> YOUR ASSIGNMENT
Only the pictures should be dropped; every line of the data must come back exactly as written.

> SUPPLIED INFORMATION
☆ ☆ ☆

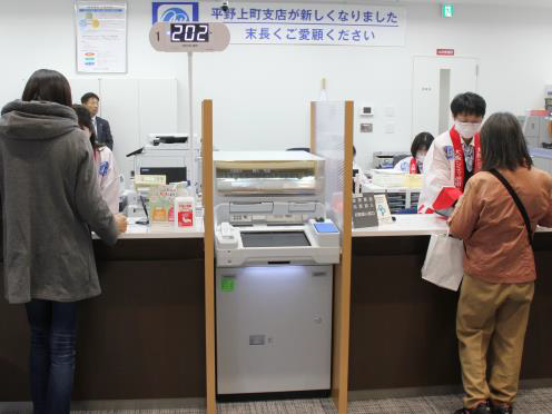 当日の午前9時には開店に先立ちオープニングセレモニーが開催され、理事長の高橋知史さんらがテープカットを行った。新店舗は、同信金初の「コミュニティブランチ」として開設。窓口併設型の「窓口ATM」や、店舗内のカフェコーナーなどを設置し、今まで以上に地域との関わりを深めることを目的とした店舗となっている。
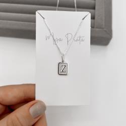 Colar pingente placa letra Z 12mm 45cm | Mya Prata
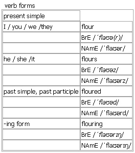 flour [flourfloursflouredflouring] noun, verb BrE [ˈflaʊə(r)] NAmE [ˈflaʊər] noun uncountable a fine white or brown powder made from grain, especially ↑wheat, and used in cooking for making bread, cakes, etc. see also ↑plain flour, ↑self-raising flour

☆ ☆ ☆

> SOLUTION TO THE PROBLEM
 当日の午前9時には開店に先立ちオープニングセレモニーが開催され、理事長の高橋知史さんらがテープカットを行った。新店舗は、同信金初の「コミュニティブランチ」として開設。窓口併設型の「窓口ATM」や、店舗内のカフェコーナーなどを設置し、今まで以上に地域との関わりを深めることを目的とした店舗となっている。
 Colar pingente placa letra Z 12mm 45cm | Mya Prata
 flour [flourfloursflouredflouring] noun, verb BrE [ˈflaʊə(r)] NAmE [ˈflaʊər] noun uncountable a fine white or brown powder made from grain, especially ↑wheat, and used in cooking for making bread, cakes, etc. see also ↑plain flour, ↑self-raising flour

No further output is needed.